Teams Protector Forward Proxy - Technical Deep Dive

Prerequisites

  1. User desktops are configured to send selected Teams traffic to the SphereShield proxy.

    1. HTTPS traffic is proxied for the following host names and some of their subdomains:
      sharepoint.com
      sharepointonline.com
      teams.microsoft.com
      pipe.skype.com
      Further explanations of why this traffic needs to be intercepted: https://agatsoftware.atlassian.net/wiki/spaces/SKYP/pages/645333048

    2. A PAC file or other method (e.g. proxy chaining) is used to ensure that only the relevant HTTPS traffic is proxied. All other traffic including real time media traffic isn’t proxied.

  2. The Bastion proxy is configured with a SSL certificate to decrypt the traffic from the client. The certificate can be provided by the customer, signed by their internal CA or an AGAT certificate can be used.

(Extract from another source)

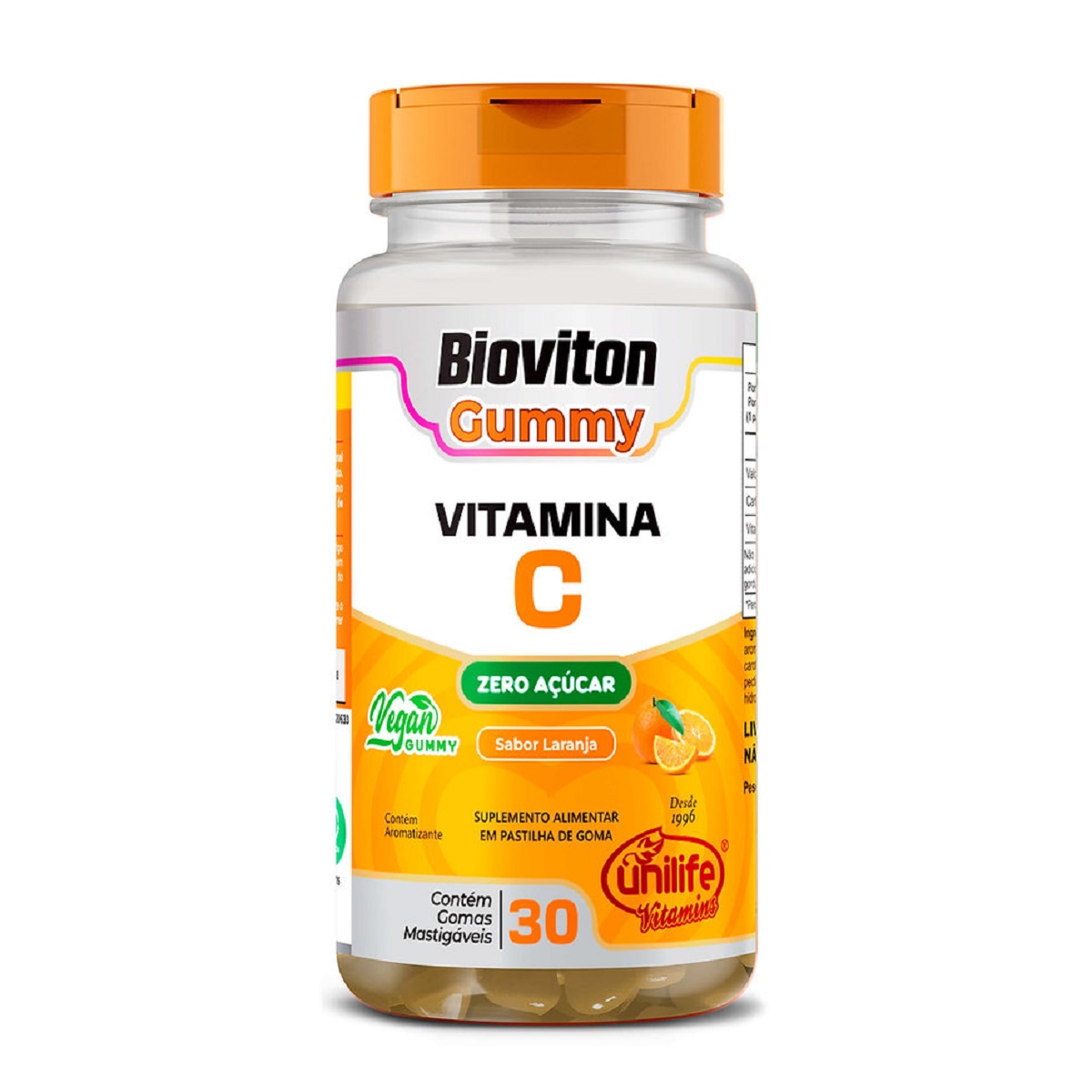 Bioviton Gummy Vitamina C Sabor Laranja Unilife em gomas mastigáveis é suplemento vegano que atua no fortalecimento da imunidade, combate gripes e resfriados, e tem ação antioxidante potente. À base de vitamina C.

    1. The relevant CA will need to be trusted on the client desktop.

Traffic Flow

  1. User opens desktop client or http://teams.microsoft.com in browser

  2. Client is redirected to authenticate using either vanilla O365 authentication, ADFS or another federated authentication process.
    SphereShield does not intercept this traffic and therefore doesn’t process user credentials.

  3. Client downloads and opens the Teams web app. The desktop client is an Electron wrapper of the web app.

    1. The Teams app comprises a number of javascript and static files such as CSS, audio and graphics. The majority of these files are downloaded directly from Microsoft Teams servers (teams.microsoft.com/statics/*)

    2. Others static files are downloaded via the SphereShield proxy.
      Primarily: /hashedjs/3.1-app.min-xxxxxx.js and /hashedjs/3.2-app.min-xxxxxx.js
      We modify these files to provide us with the capability to monitor user activity and provide visual indications when we block user actions due to Ethical Wall (EW) or DLP functionality.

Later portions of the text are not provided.